Si supiese qué es lo que estoy haciendo, no le llamaría investigación, ¿verdad?

Albert Einstein

 

 

"¡Libros! ¡Libros! He aquí una palabra mágica que equivale a decir 'amor, amor', y que debían los pueblos pedir como piden pan".

FEDERICO GARCÍA LORCA

ARTE Y CULTURA / ENRIQUE GONZÁLEZ TUÑÓN

TRABAJOS DE ENRIQUE GONZÁLEZ TUÑÓN

PERIODISTA Y ESCRITOR / ENRIQUE GONZÁLEZ TUÑÓN

Por Elena Luz González bazán especial para Villa Crespo Digital

11 de mayo del 2015

Enrique González Tuñón nació en Buenos Aires en 1901 y murió en Cosquín, provincia de Córdoba, en 1943. Fue cuentista, periodista y ocasionalmente novelista. César Tiempo ha dicho de él: “preferirá rodearse de pícaros y hampones, dormir en hoteles espantosos, cuando dispone de un peso para la cama, o si no en los bancos de las plazas; cantar Tosca en las lecherías más inverosímiles, visitar los cambalaches donde se trafica con ropas de cadáveres y, abandonado de toda piedad, soñar, desde el fondo de si zahurda —como los eremitas endemoniados— con la gloria hecha mujer o viceversa”.
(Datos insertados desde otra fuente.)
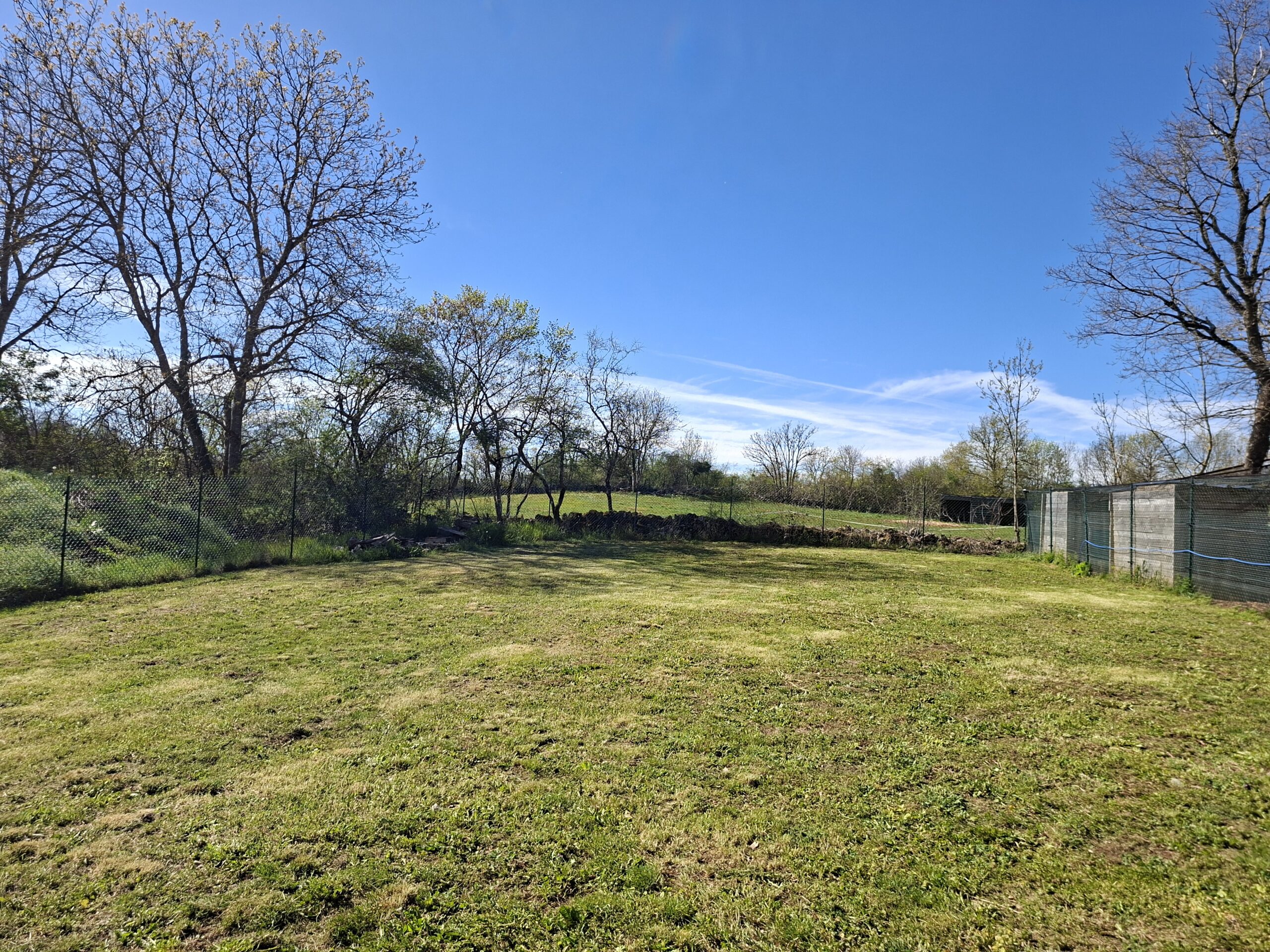 Nous avons un jardin entièrement clôturé avec un portail motorisé, des allées goudronnées, des arbres fruitiers et 2 grandes terrasses bétonnées.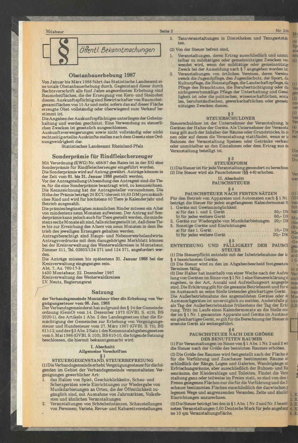 der Verbandsgemeinde Montabaur Uber die Erhebung von Vergnügungssteuer vom 08. Jan. 1988

Igual que su hermano Raúl, fue un personaje clave de la bohemia literaria de los años de Boedo y Florida, pero resulta difícil identificarlo con uno u otro grupo en forma excluyente. Colaboró en Martín Fierro y en Proa, pero —como apunta Pedro Orgambide— su anarquismo romántico y el matiz proletarizante de sus páginas más características, parece orientarse espiritualmente hacia Boedo.

Fue el primero en llevar la polémica entre los dos grupos al conocimiento público desde las columnas de Crítica.

Posiblemente su obra más lograda sea Camas desde un peso (1932), de clasificación dudosa: novela en forma de cuentos o bien relatos que comparten ambiente y personajes. Allí, en un infame tugurio llamado “El puchero misterioso”, cinco atorrantes porteños comparten una pieza por el módico precio que especifica el título.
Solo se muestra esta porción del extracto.